AS AN EXPERIMENT in participatory democracy, Montgomery County’s public financing system for elections, adopted in 2014 and used by a host of candidates in its elections this year, has been a solid success. It encouraged lesser-known candidates to mount campaigns based on small-dollar donations from ordinary residents, encouraged turnout that was sharply higher in this year’s primaries and helped offset the electoral clout of deep-pocketed special interests — namely, the real estate industry and public-employee unions.
Now, having seen how a public financing system benefited the state’s most populous locality, the county council in Prince George’s County is weighing whether to adopt a similar system. It should.

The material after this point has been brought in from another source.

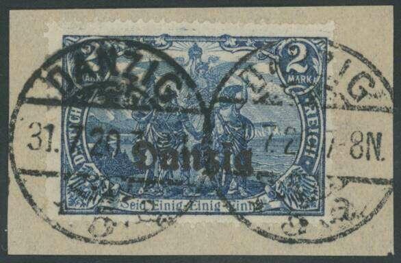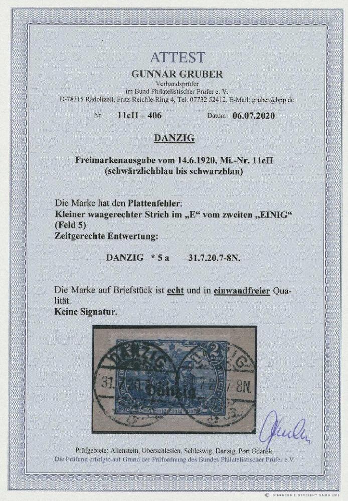| Zusatzinformationen und Suchstichworte: | Ulrich Felzmann 178. Auktion 22. Juni 2023 Los 3308 Danzig 2 Mk Germania schwarzblau mit Plattenfehler "kleiner waagerechter Strich im E vom zweiten EINIG", attraktives weißes Pracht-Briefstück, klar und zeitgerecht gestempelt DANZIG 31.7..20, Fotoattest Gruber BPP "... in einwandfreier Qualität" Ausruf 600,00 EUR |

Prince George’s has come a long way since 2010, when then-County Executive Jack Johnson and his wife were arrested in an FBI sting and subsequently pleaded guilty to corruption charges, a scandal that exposed an unseemly culture of influence-buying. A county council more attuned to ethics in government has helped repair things since then; so has Mr. Johnson’s successor as county executive, Rushern L. Baker III (D), who has run a clean administration.
Still, that painful history is recent, and the county would be wise to cement its improved reputation. Passing a public financing system — as the District of Columbia and Howard County have also done recently — would advance that cause.
It would do so by establishing incentives for candidates running for county council and county executive to broaden their supporters to include donors who write checks for no more than $250, which — if there are enough of them — trigger matching funds that favor the smallest donations. (A candidate who qualifies for the system by raising a sufficient number of small-dollar contributions, and refusing corporate, PAC and other such funds, would receive a $7-to-$1 match for donations up to $25, and a $5-to-$1 match for the next $50. )
By incentivizing small donors, the system draws in more participants — and more voters. In Montgomery’s June primaries, turnout increased nearly 30 percent compared with 2014, and six of the nine Democratic primary winners qualified for the public finance system.
For candidates, public financing is a sea change. Rather than spending their days on the phone soliciting $1,000 checks from fat cats, the system incentivizes them to leverage public dollars by working small events — the sort of retail politics that produces more responsive public officials.
The pushback in Prince George’s, where public financing would go into effect in 2022 if a majority of the county council backs it, focuses mainly on the annual price tag, an estimated $1.5 million to $3 million. That’s a legitimate concern given the county’s tight budget, but the benefits outweigh the costs.
Writing in these pages last year, Phil Andrews, a former county council member in Montgomery County who championed the issue there, said, “Without public financing, mega-donors with megaphones drown out voices of the people in the public square and distort public policy.” That’s as true in Prince George’s as in Montgomery.